_WHAT THE TASK REQUIRES_
With the images removed, write out every line below exactly.

_DATA SECTION_

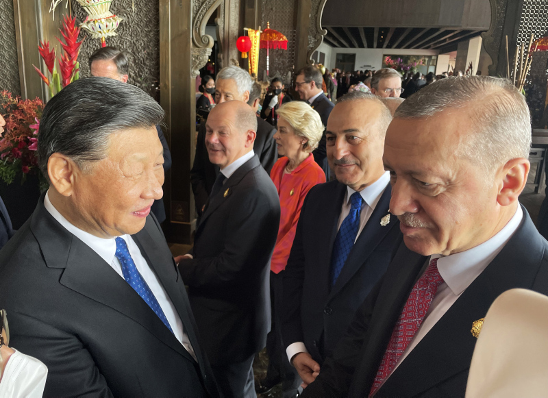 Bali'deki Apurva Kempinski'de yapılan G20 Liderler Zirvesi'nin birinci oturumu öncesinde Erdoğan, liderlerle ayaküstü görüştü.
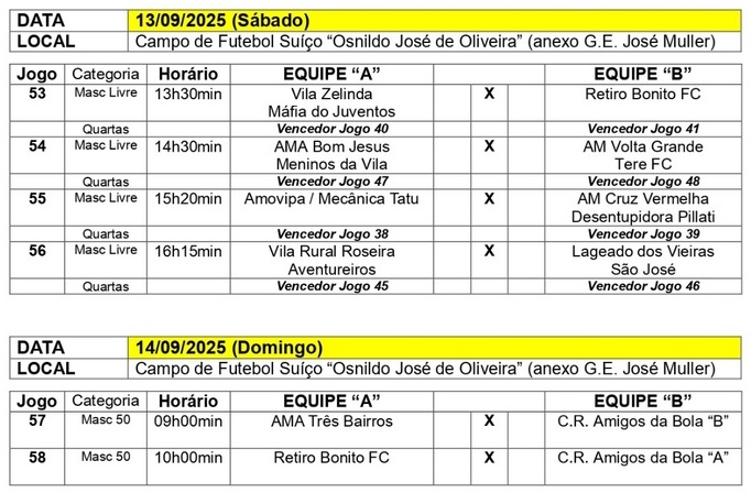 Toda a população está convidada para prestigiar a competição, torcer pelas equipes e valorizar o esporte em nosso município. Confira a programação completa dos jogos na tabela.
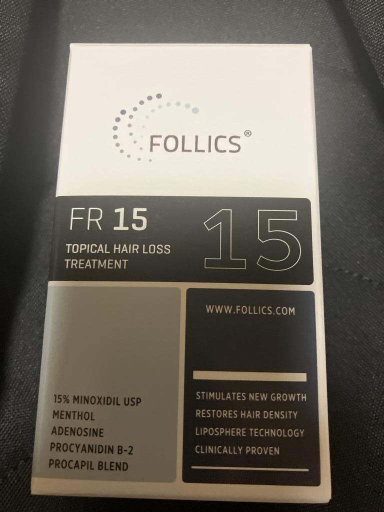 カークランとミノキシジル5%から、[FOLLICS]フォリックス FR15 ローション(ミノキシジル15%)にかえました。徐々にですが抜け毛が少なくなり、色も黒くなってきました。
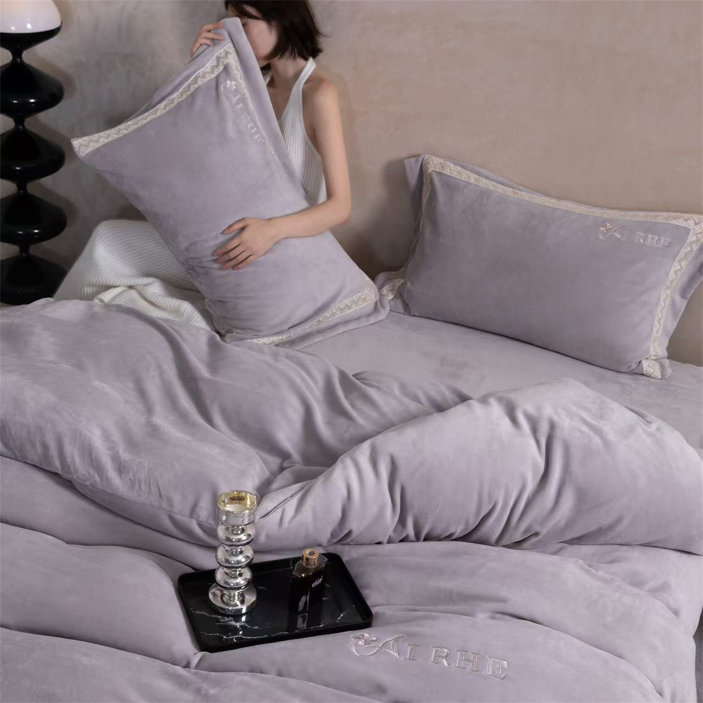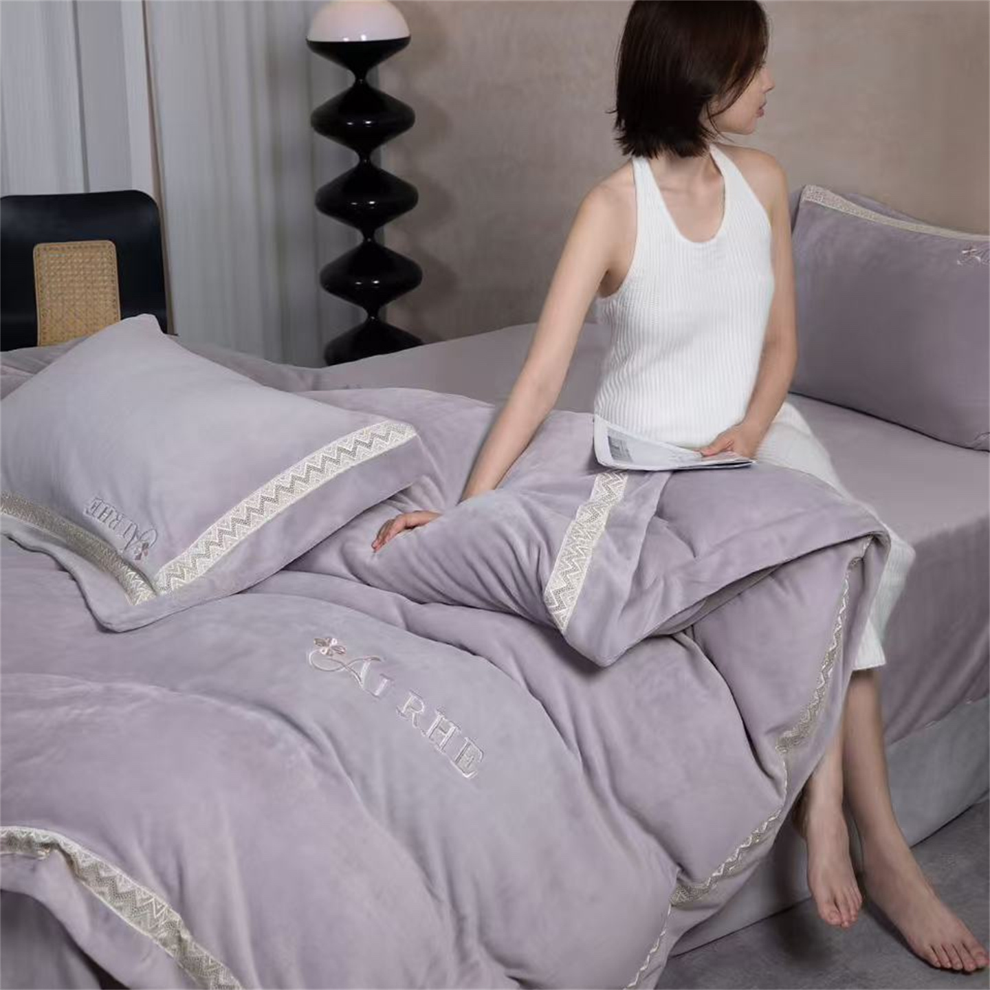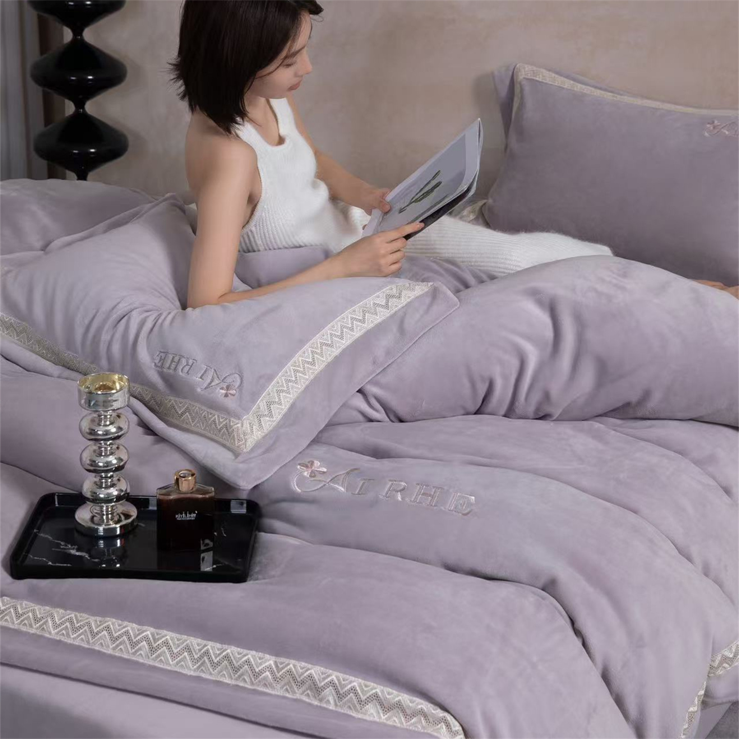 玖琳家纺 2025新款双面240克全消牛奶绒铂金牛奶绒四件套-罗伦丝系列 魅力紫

_TASK OUTPUT_
 Bali'deki Apurva Kempinski'de yapılan G20 Liderler Zirvesi'nin birinci oturumu öncesinde Erdoğan, liderlerle ayaküstü görüştü.
 Toda a população está convidada para prestigiar a competição, torcer pelas equipes e valorizar o esporte em nosso município. Confira a programação completa dos jogos na tabela.
 カークランとミノキシジル5%から、[FOLLICS]フォリックス FR15 ローション(ミノキシジル15%)にかえました。徐々にですが抜け毛が少なくなり、色も黒くなってきました。
 玖琳家纺 2025新款双面240克全消牛奶绒铂金牛奶绒四件套-罗伦丝系列 魅力紫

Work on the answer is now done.